• _Exercise description_: Among the entries below, copy only the span from the line containing "在商品资料管理方面,我们的系" through the line containing "Butterfly Blossom Romp". Do so exactly, and skip the pictures.

• _Input data_:

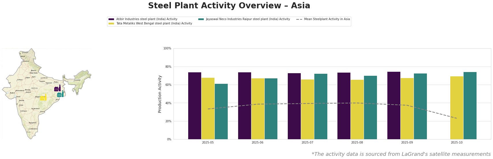 Atibir Industries, located in Jharkhand, India, operates with an integrated BF-BOF process and a crude steel capacity of 600 ttpa. Although the plant activity could not be measured in October, satellite data indicated relative stability in plant activity from May to September (73-75%). No direct connection to any of the provided news articles can be established based on the available data.
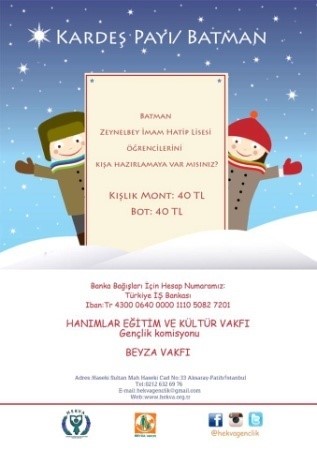 2016 yılı Aralık ayında bu defa Batman Zeynelbey İmam Hatip Lisesi öğlecilerini kışa hazırladık. Hollanda’da faaliyet gösteren Beyza Vakfı ile ortaklaşa yürütülen “Kardeş Payı Batman” kampanyamızda öğrencilerin bot ve mont ihtiyaçları karşılanmıştır.
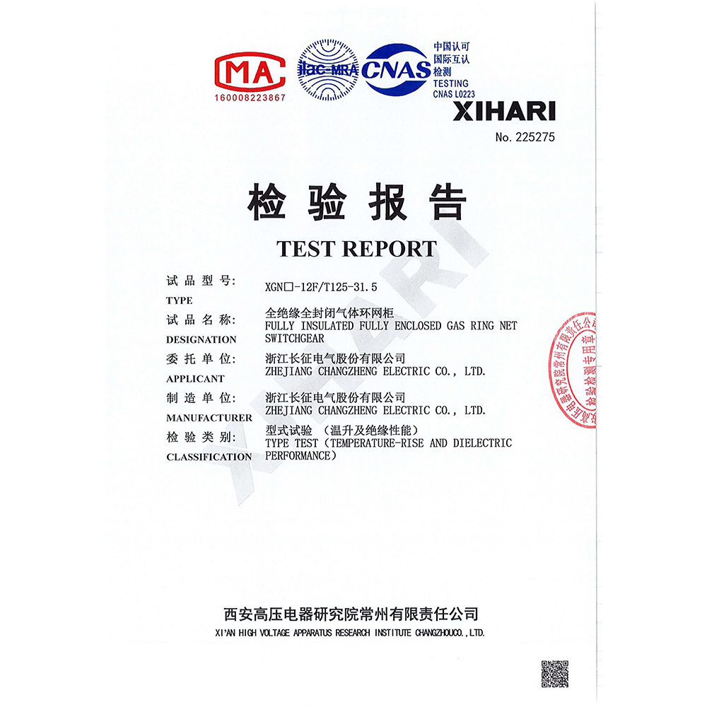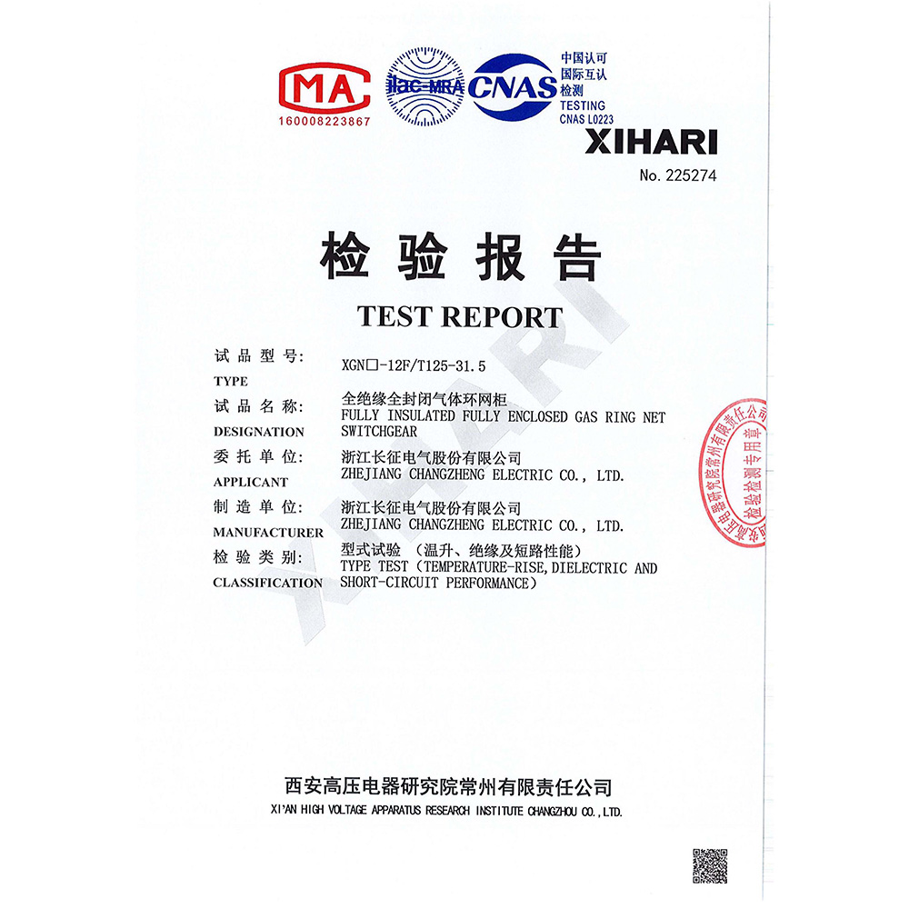 XGN□-12F/T125-31.5全絕緣全封閉氣體環(huán)網(wǎng)柜 檢驗(yàn)報(bào)告
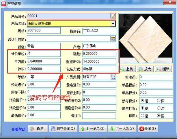 在商品资料管理方面,我们的系统已经预设了瓷砖的基本信息,包括每片瓷砖的重量和体积等关键数据。这样一来,在制作销售订单时,只需输入所需的平方数,系统便能自动计算出所需的瓷砖片数,极大地提高了工作效率。
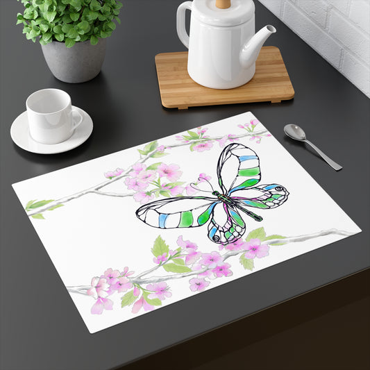 Butterfly Blossom Romp Cotton Twill Placemat, 1pc Green #8 Left side of table
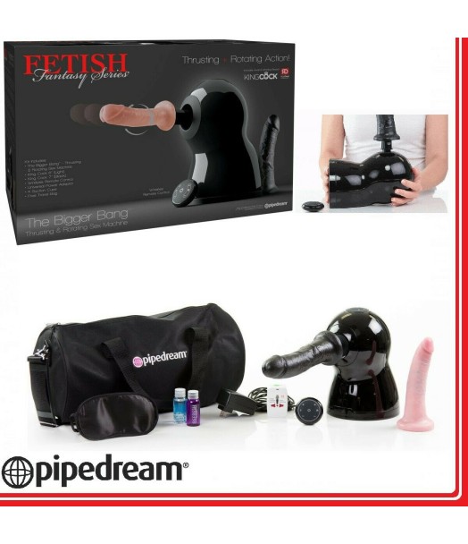 Il kit include: The Bigger Bang & Thrusting rotante Sex Machine, Dildo realistici King Cock 6 e 8 Pollici, Wireless Remote Control, Adattatore Universale, Borsa Bag Free Travel, mascherina in raso, campioni gratuiti di Moist Lotion & Toy Cleaner.
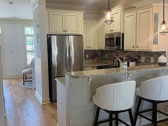 Gorgeous upgraded corner unit townhome at The Sail House in Market Common. This home boasts 2 bedrooms and 2.5 bathrooms with crown molding, solid oak staircase, hand scraped hickory hardwood flooring, storage in attic with flooring, washer/dryer and relaxing fenced in private backyard/patio with remote control sun setter awning! Large open grass area behind home and minutes to shops, restaurants, Crabtree Gym, HGTC, Culinary school and less than a mile to the Atlantic Ocean!! Some furniture to convey with accepted offer!

• _Answer for this exercise_:
 在商品资料管理方面,我们的系统已经预设了瓷砖的基本信息,包括每片瓷砖的重量和体积等关键数据。这样一来,在制作销售订单时,只需输入所需的平方数,系统便能自动计算出所需的瓷砖片数,极大地提高了工作效率。
 Butterfly Blossom Romp Cotton Twill Placemat, 1pc Green #8 Left side of table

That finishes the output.